The festival, widely known as the nation's premier event for alternative black music, draws tens of thousands of people annually to its stages in Commodore Barry Park where artists like D’Angelo, Questlove, Erykah Badu and Mos Def have headlined the event over the last 10 years.

Jocelyn Cooper, who organizes the show alongside her partner Matthew Morgan, said the the festival's website, also called Afropunk, serves as a forum for black punk rockers, some of whom feel isolated in the mostly white punk scenes of their hometowns.

The number of visitors and contributors to the site has grown exponentially over the last several years and that growth prompted the duo to expand the festival to new cities, she said.

"The website has attracted folks from all over the world," Cooper said. "In particular we have a lot of folks that live in the south that just can't make it to New York but really want this kind of show."

Cooper, who once lived in Atlanta and has family in Georgia, said it was a natural first destination for the festival.

"This has been a dream of ours for four years," she said. "Even though I was raised in Brooklyn, I am a southerner in my soul."

Cooper sees Atlanta as a game-changer in the music scene and one of the most progressive cities in the country.

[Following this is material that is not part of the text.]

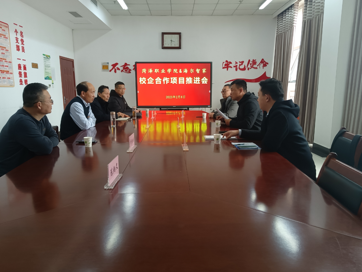 2月8日下午,永利yl23411官网与海尔智家校企合作项目推进会议在学校创业楼907会议室举行。永利yl23411官网党委委员、副院长程凤鸣主持会议,会议就校企合作项目推进、学生实习等工作与海尔智家郭昌龙部长一行进行详细商谈。校企合作处负责人李鸿浩、机电工程系主要负责人张善雨、张作川等参加座谈。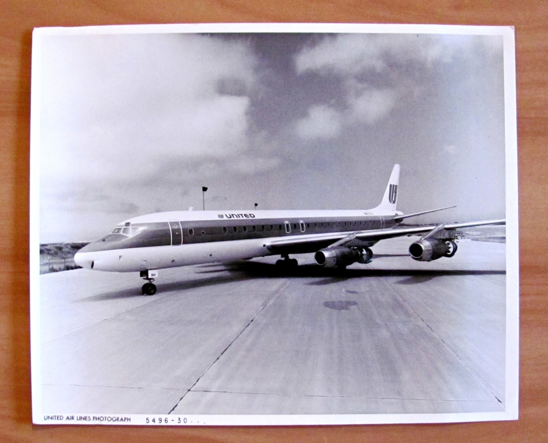Fotografia d'archivio di Aviazione. Aereo United Air Lines. Modello Aereo DC-8. S.d. anni '70/'90 (il logo è quello in uso dal 1974 al 1993). Fotografia d'archivio con piccolo timbro in basso e tracce di vecchia colla al retro. 25,5x20,5. RARA e in OTTIMO STATO , Ottimo (Fine)

"This is where Outkast's Big Boi, CeeLo Green and Janelle Monáe made music," she said. "This city is ripe for Afropunk Fest."

Cooper is also eyeing a show in Oakland, California, but there aren't official details yet.

The first Afropunk Fest debuted in 2005 at the Brooklyn Academy of Music (BAM) in Fort Greene with approximately 250 attendees and a slew of obscure bands.

This year more than 60,000 guests and 60 bands descended upon Commodore Barry Park where D’Angelo, Lianne La Havas and Sharon Jones and the Dap-Kings headlined the two-day event.